Legal Burnout: How To Limit Stress In The Workplace
This is a short article about legal burnout and how to limit stress in the workplace. Work-related stress can have devastating impacts both on the individual suffering from burnout, and the company bearing the cost of stress-related illness, under-productivity and absences.
The legal profession is known for being a high-pressured and fast-paced environment, and while it can be a rewarding profession – personally and financially – the increasing rate of stress and burnout, alongside other mental health issues, contribute to some alarming statistics.
In 2019, insurance provider Protectivity published statistics on stress which compared different age groups, cities, and professions, and the report showed that 63% of people working in the legal profession felt overwhelmingly stressed on a daily basis.
What is Legal Burnout?
Burnout is a term coined by Herbert Freudenberger in his book, ‘Burnout: The High Cost of High Achievement. The term burnout refers to a state of mental and physical exhaustion, lacking motivation, creativity, and drive. It can present itself physically through fatigue, headaches, nausea and other stress-related symptoms, as well as being a mental barrier to productivity which, for a job as high-pressured as the legal profession, can be a vicious cycle.
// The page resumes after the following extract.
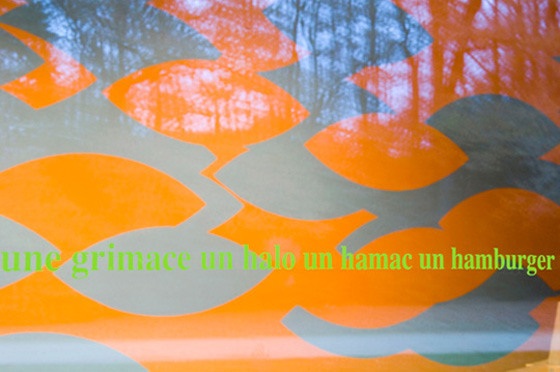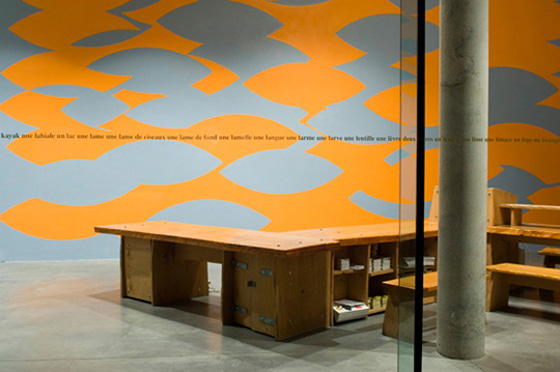 «Pour le hall du Frac ma proposition rassemble trois questions déclinées dans mon travail : l’impact de la couleur, l’apparition d’une forme et l’amplitude d’interprétation qu’elle ouvre. L’impact coloré repose sur un rapport contrasté de deux couleurs, se manifestant différemment en vision éloignée (à l’entrée du parc, à travers les vitres) et en vision proche, dans le hall. L’organisation globale des formes sur le mur emprunte librement à un principe ornemental, permettant au regard de jouer à cache-cache avec les signes, visibles alternativement en positif ou négatif. Le mur est peint dans sa totalité, dans un jeu optique « all over » de formes/contre-formes, augmenté par la vibration chromatique. Enfin, une liste de mots inscrits sur la baie vitrée propose au visiteur les noms possibles de cette forme». Pierre Mabille

The average person will spend one-third of their life at work – and for those working in the legal profession, those hours are significantly increased. It is reported that around 18% of people working in law delivered upwards of 10 hours unpaid overtime every week, taking their working hours to nearly 125% of those in other professions.
This heavy workload leaves little time for stress-reducing activities – and spending so much time in a job you have increasingly limited motivation and drive for, while being unable to pursue other interests, can seriously exacerbate stress and lead to burnout faster.
How Do You Combat Legal Burnout?
Burnout is a result of prolonged stress, so the best way to combat burnout is to tackle the root cause:
- Exercise – any aerobic activity can be beneficial both mentally and physically. Mentally, it can offer the opportunity for reflection, meditation, and problem-solving. Group activities such as team sports are opportunities to socialise and bring more fun and a distraction from work to your day. In addition, all exercise has the added physical benefit of producing endorphins, which are feel-good neurotransmitters.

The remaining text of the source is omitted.